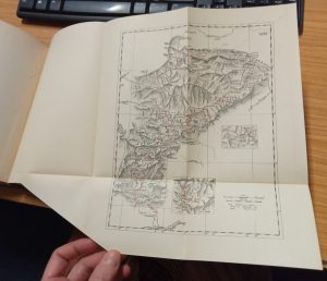 Blue cloth boards lightly bumped. Tightly bound. A little age toning. A few light spots of foxing mostly confined to the first and last few leaves. Otherwise very crisp, clean and bright, free from inscription. Folding map has a few very light spots of foxing, otherwise excellent.
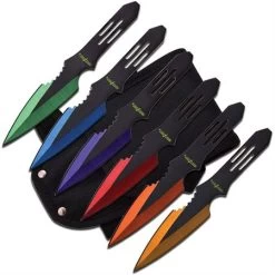 Model/Part Number – M4509. Perfect Point Throwing Knives Throwing Knife Set. 5.5″ (13.97cm) overall. 2.75″ (6.99cm) blade. Black handle. One-piece construction. Set of six (green, blue, purple, red, orange, yellow finish blades). Sheath has leg straps. Black nylon belt sheath. Boxed. Made in China.
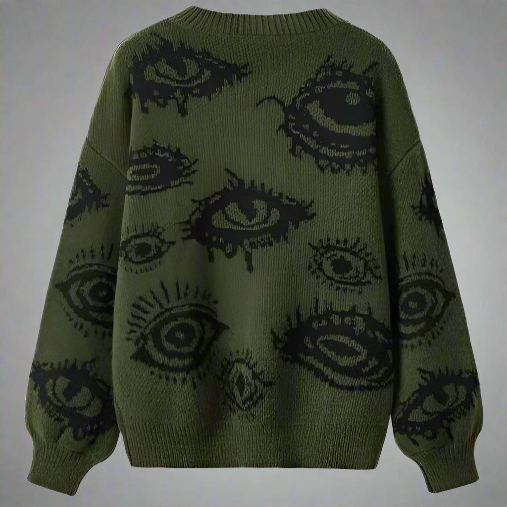 A pullover that turns heads & sparks conversations. Crafted from a luxurious wool blend, it wraps you in warmth while the hypnotic eye design keeps all eyes on you.
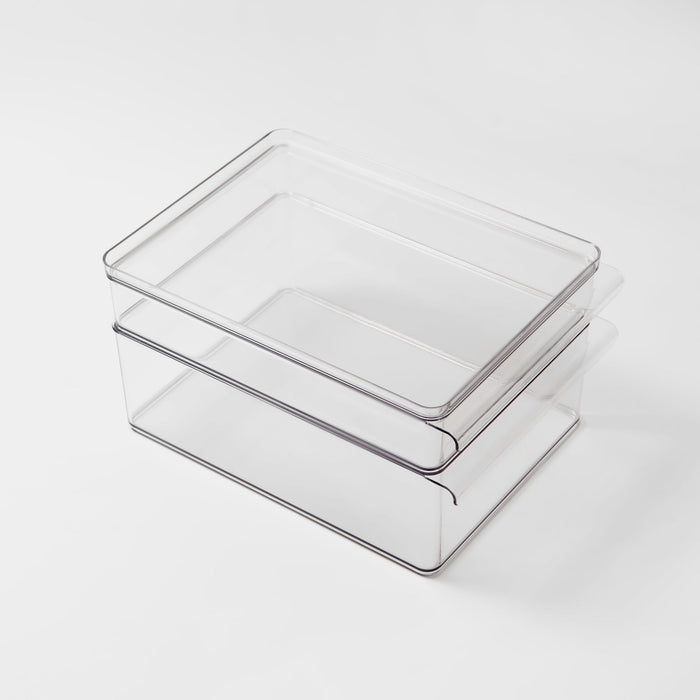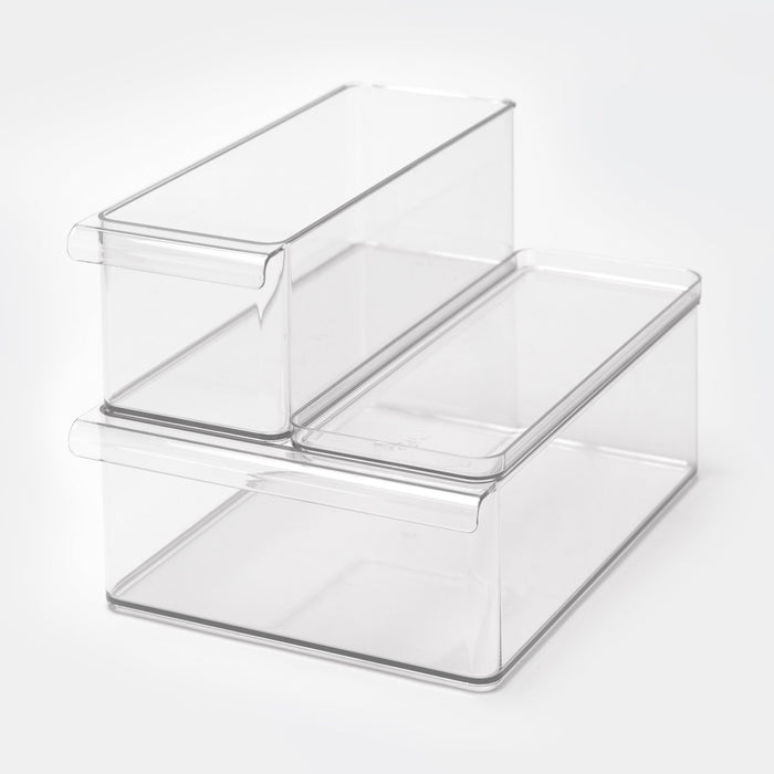 These large PET deep storage boxes are perfect for organizing your kitchen or bathroom. Their clear design makes it easy to see the contents, and a built-in handle ensures convenient access.
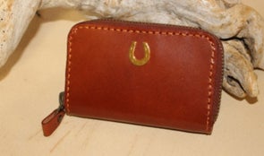 ゴールドの蹄鉄金具付きラウンドファスナーコインケース、カードケースです。
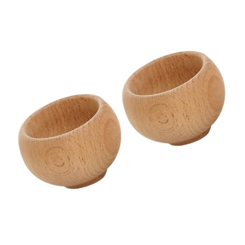 ibasenice 2PCS Beech Wood Tableware Safe No Paint Montessori Play House Kitchen Simulation Cutlery Small Tea Bowls for Nursery and Home Creative Play
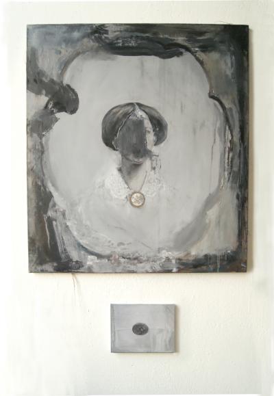 Bez tytułu 2 (dyptyk), 2017, olej na płótnie, 90 x 80, 18 x 13 cm
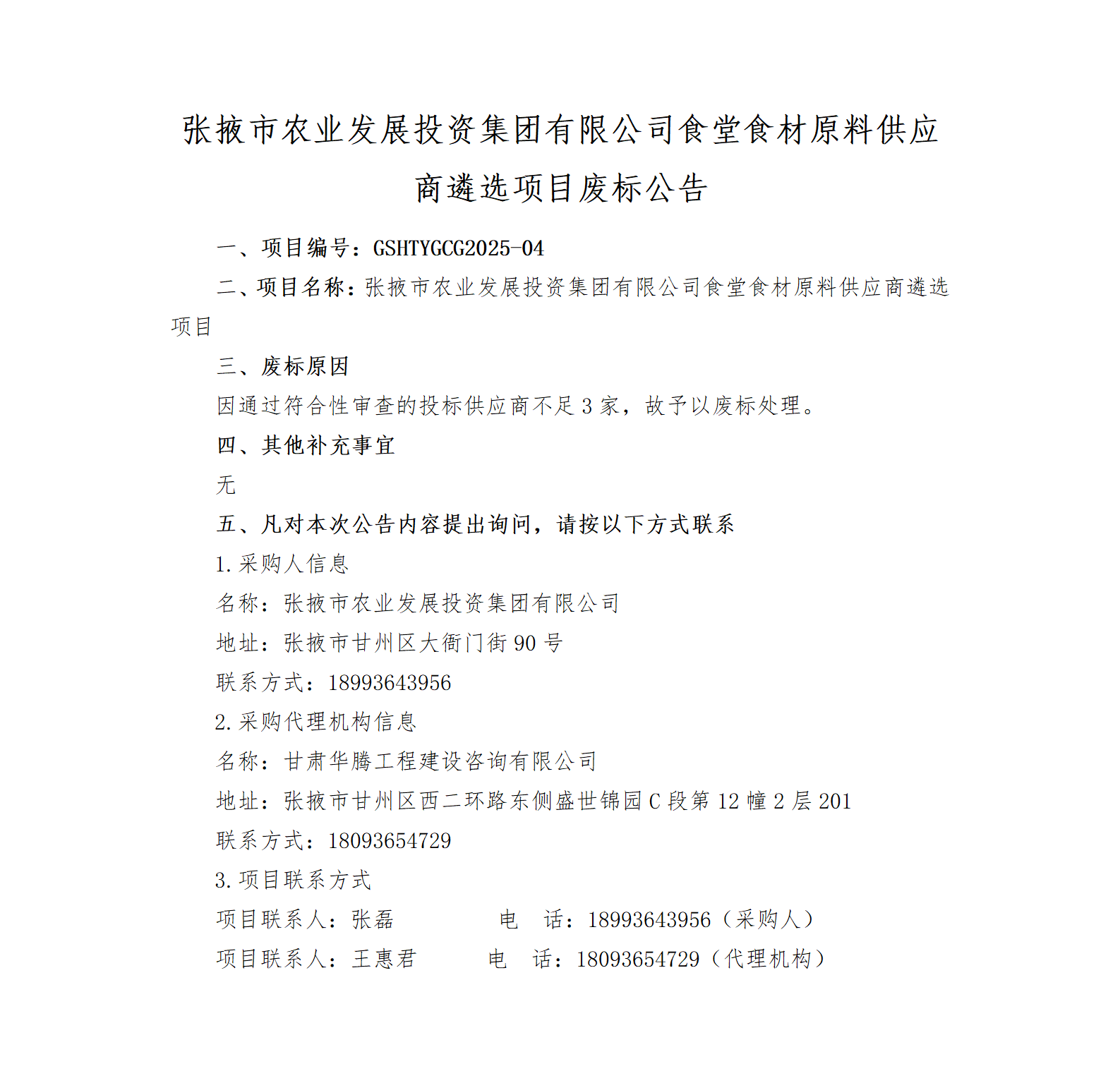 张掖市农业发展投资集团有限公司食堂食材原料供应商遴选项目废标公告
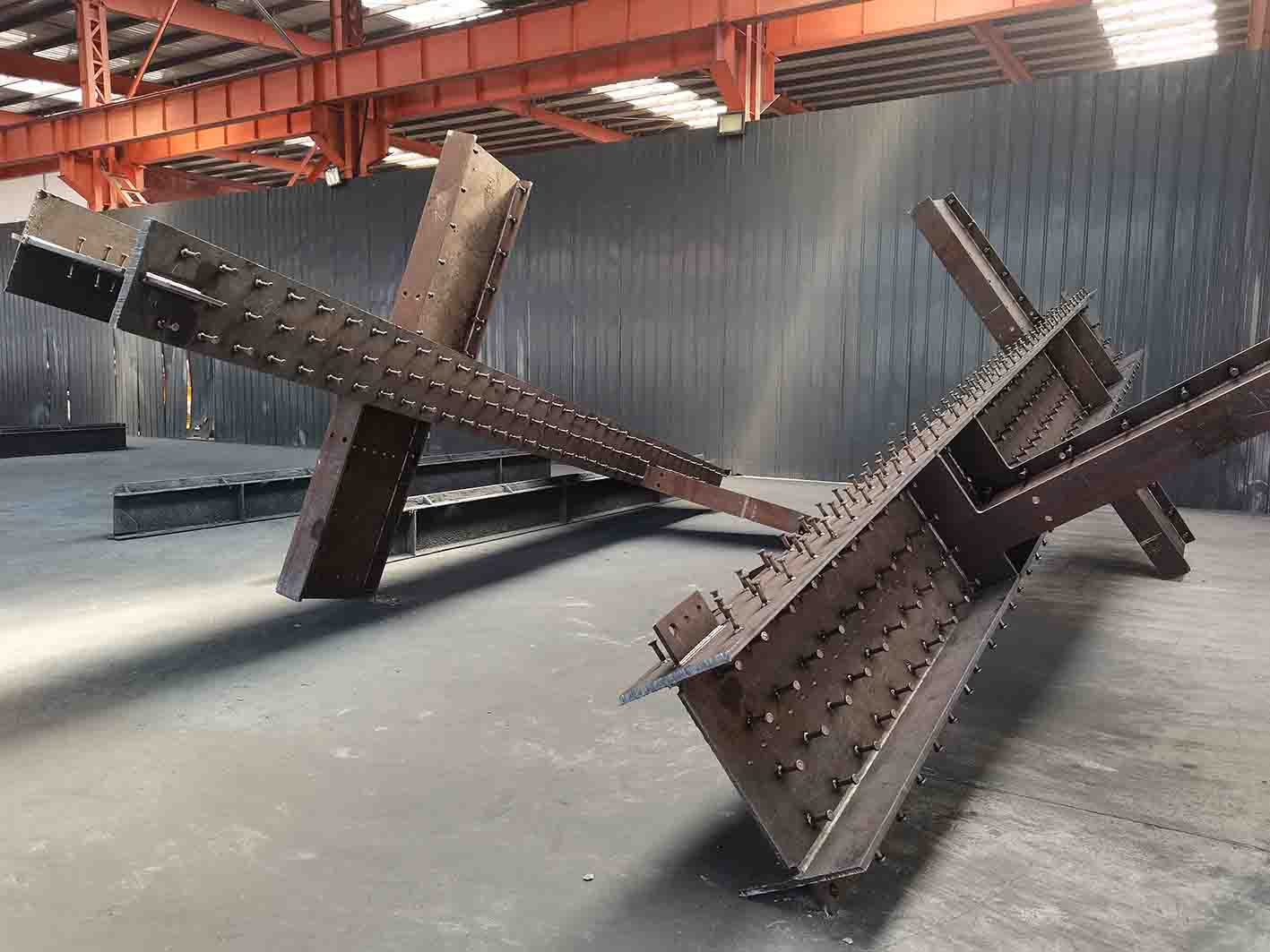 主要加工制造各種輕重鋼結構件、橋梁、設備結構件、彩鋼壓型板、c/z鋼檁條等鋼結構件。
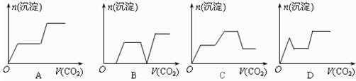 11、将足量的CO2不断通入KOH、Ca(OH)2、KAlO2的混合溶液中,生成沉淀与通入CO2的量的关系可表示为( )
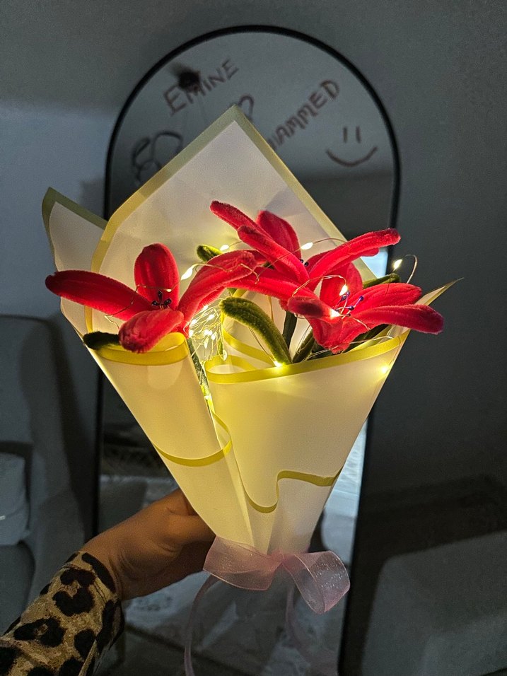 Kırmızı yapay çiçekler, yumuşak ışıklar ve şeffaf sarı sargıyla renkli bir hediye buketi. İnce ışıklar ve pembe kurdele içerir. El yapımı solmaz dökülmez fiyatları farklıdır sorunuz
################
• WORK TO COMPLETE:
What is needed is an exact transcription of the lines from the one containing "11、将足量的CO2不断通入" through the last line of the records above, both included, with no pictures.

• WRITTEN ANSWER:
 11、将足量的CO2不断通入KOH、Ca(OH)2、KAlO2的混合溶液中,生成沉淀与通入CO2的量的关系可表示为( )
 Kırmızı yapay çiçekler, yumuşak ışıklar ve şeffaf sarı sargıyla renkli bir hediye buketi. İnce ışıklar ve pembe kurdele içerir. El yapımı solmaz dökülmez fiyatları farklıdır sorunuz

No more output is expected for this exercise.